„Friends” to jeden z najpopularniejszych seriali w historii telewizji. W USA aktorzy odgrywający role „Przyjaciół” szybko stali się pierwszorzędnymi celebrytami. Serial cieszył się dużą popularnością również w Polsce. A właściwie należałoby powiedzieć „cieszy”. Nie dość, że regularnie powtarzają go telewizje, to nie brakuje osób, które nadal ściągają lub kupują kolejne sezony. To nic, że realia są trochę nieaktualne (choć stylistyka lat 90 może być też zaletą). Serial wciąż przyciąga ponadczasowym humorem i niezapomnianymi kreacjami.
Prędzej czy później jednak każdy fan musi dojechać do ostatniego odcinka i zmierzyć się z trudnym faktem, że ulubiony sitkom się skończył. Aby pokonać traumę możesz sięgnąć po seriale podobne do „Przyjaciół”. Jeżeli bacznie śledziłeś losy „Friendsów”, najprawdopodobniej spodobają Ci się również poniższe propozycje.
„Jak poznałem Waszą matkę”
Serial „How I Met Your Mother” jest w Polsce znany pod tytułem „Jak poznałem Waszą matkę”. Koncepcja jest tu podobna jak w „Przyjaciołach”. Poznajemy grupę dobrych znajomych, którzy wspólnie spędzają czas w pobliskim barze. A przy okazji realizują szereg dziwnych pomysłów, wchodzą we wzajemne relacje matrymonialne, pomagają sobie lub stwarzają konflikty… A to wszystko w ramach opowieści, którą snuje Ted – główny bohater serialu opowiadający swoim dzieciom jak poznał ich matkę. Jednak bez obaw, nie ma tutaj długich ciągnących się opowiadań przy kominku – zwykle tylko początek i koniec historii jest przedstawiony w formie ojca kontynuującego opowiadanie przez kolejne odcinki i sezony.
Seriale podobne do „Przyjaciół” nie są oczywiście kopią „Friendsów” i prawdziwym miłośnikom nie zastąpią przygód Rachel, Rossa i reszty paczki. Jednak w „How I Met Your Mother” również nie brakuje wyrazistych postaci. Oprócz dość ułożonego głównego bohatera, poznasz niezapomnianego Barney’a Stinsona, który specjalizuje się w nietypowych metodach uwodzenia.

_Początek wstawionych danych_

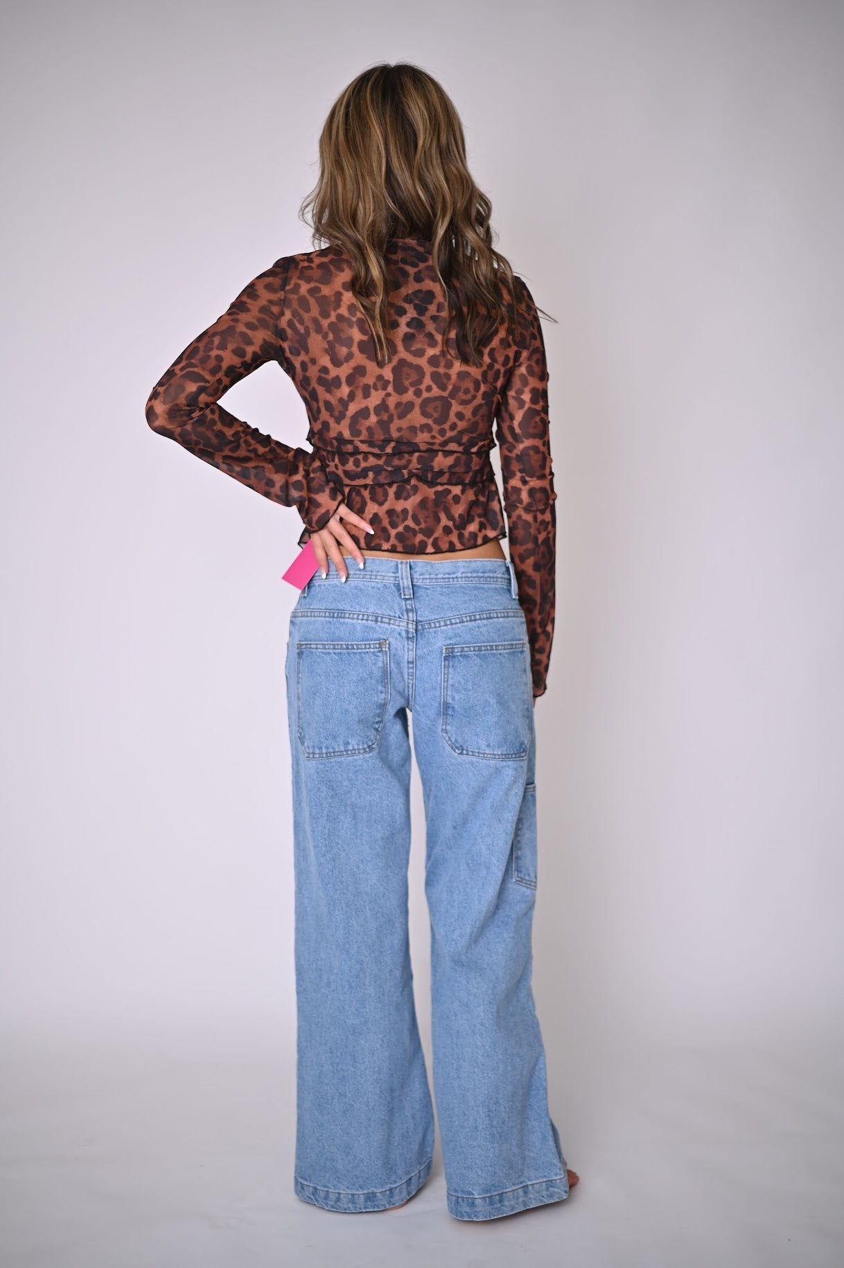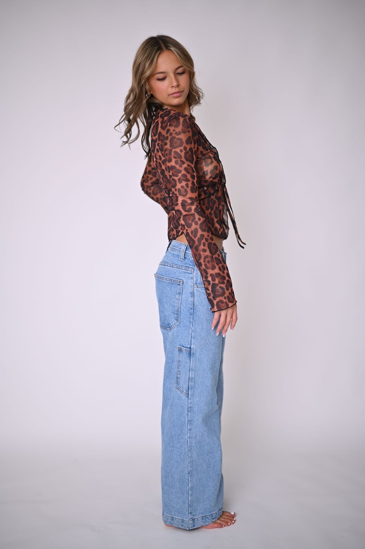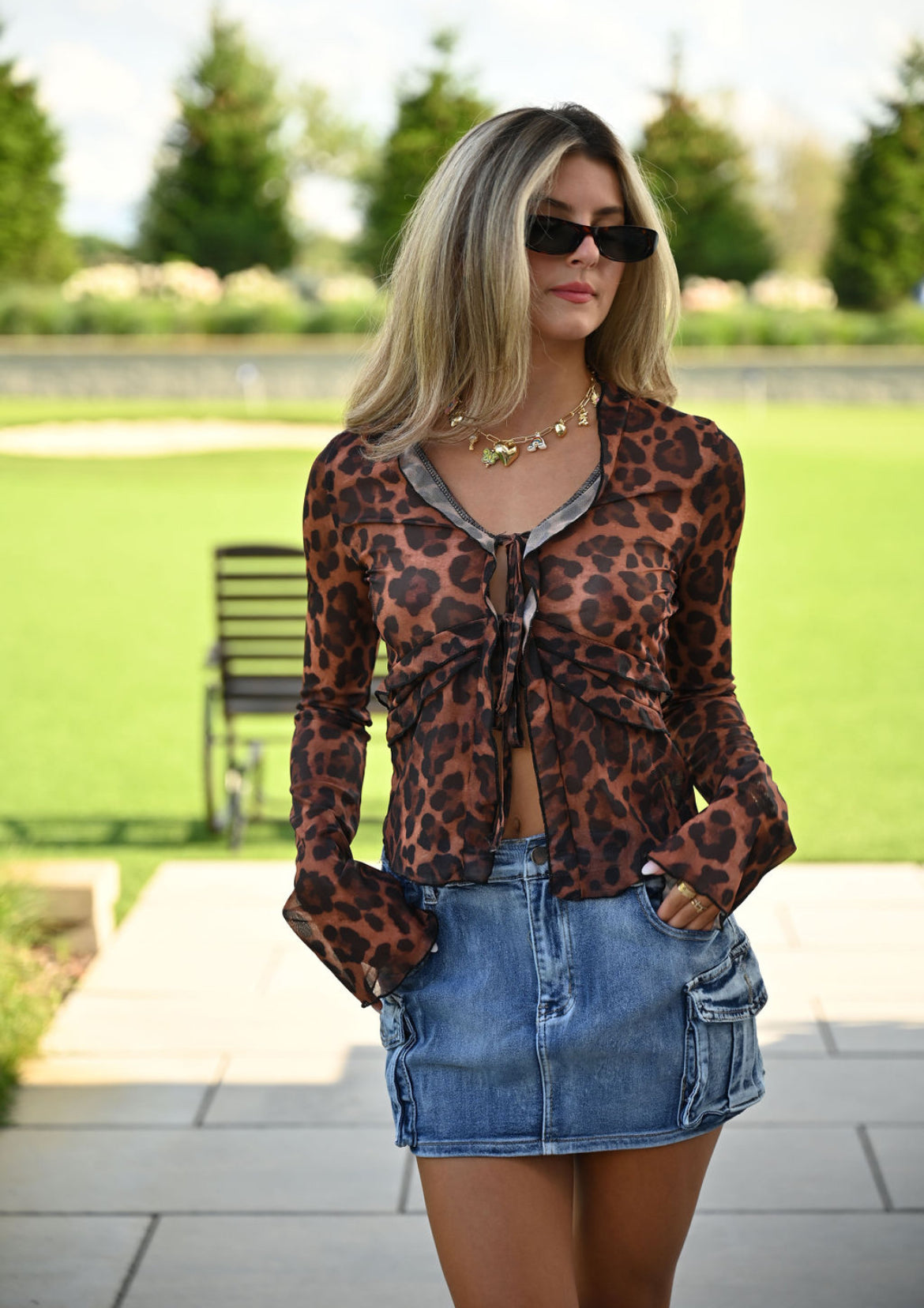 Unleash your wild side with this daring leopard print mesh top! Featuring a sultry tie-front design and long sleeves, this sheer top adds a bold touch to any outfit. Perfect for a night out, pair it with high-waisted jeans or a skirt for an edgy, fashionable look.

Jeśli kojarzysz z memów lub powiedzeń znajomych zwroty takie jak „true story” czy entuzjastyczne „legendary” – to wiedz, że pochodzą one właśnie od Barney’a.
Teoria wielkiego podrywu
„Teoria wielkiego podrywu”, czyli „Big Bang Theory”. Trzeba przyznać, że tłumacze nie mieli łatwego zadania, bo oryginalny tytuł stanowi grę słów – „bang” oznacza zarówno wybuch, jak i „bzyknięcie”. A to nie koniec kłopotów tłumaczy, bo serial pełen jest inteligentnego humoru nawiązującego do zagadnień naukowych.
„Big Bang Theory” można nazwać geekową wersją „Przyjaciół”. Również jest to sitkom o grupie znajomych, ale większość postaci jest związana ze światem nauki. Znajdziesz tu fizyków teoretycznych, inżynierów i neorobiologów (w wersji damskiej). Najbardziej kultową postacią jest genialny fizyk Sheldon Cooper, który łączy potężną inteligencję z lękliwym charakterem i szeregiem fobii.
Główną osią pierwszych sezonów jest jednak relacja pomiędzy Penny a Leonardem. Słodka blondynka Penny jest jedyną postacią w serialu, która nie ma nic wspólnego ze światem nauki. Mimo tego teoretyczny fizyk Leonard o skłonnościach aspołecznych nie rezygnuje z prób poderwania atrakcyjnej sąsiadki.
A może znasz inne seriale podobne do „Przyjaciół”, które warto polecić fanom „Friendsów”?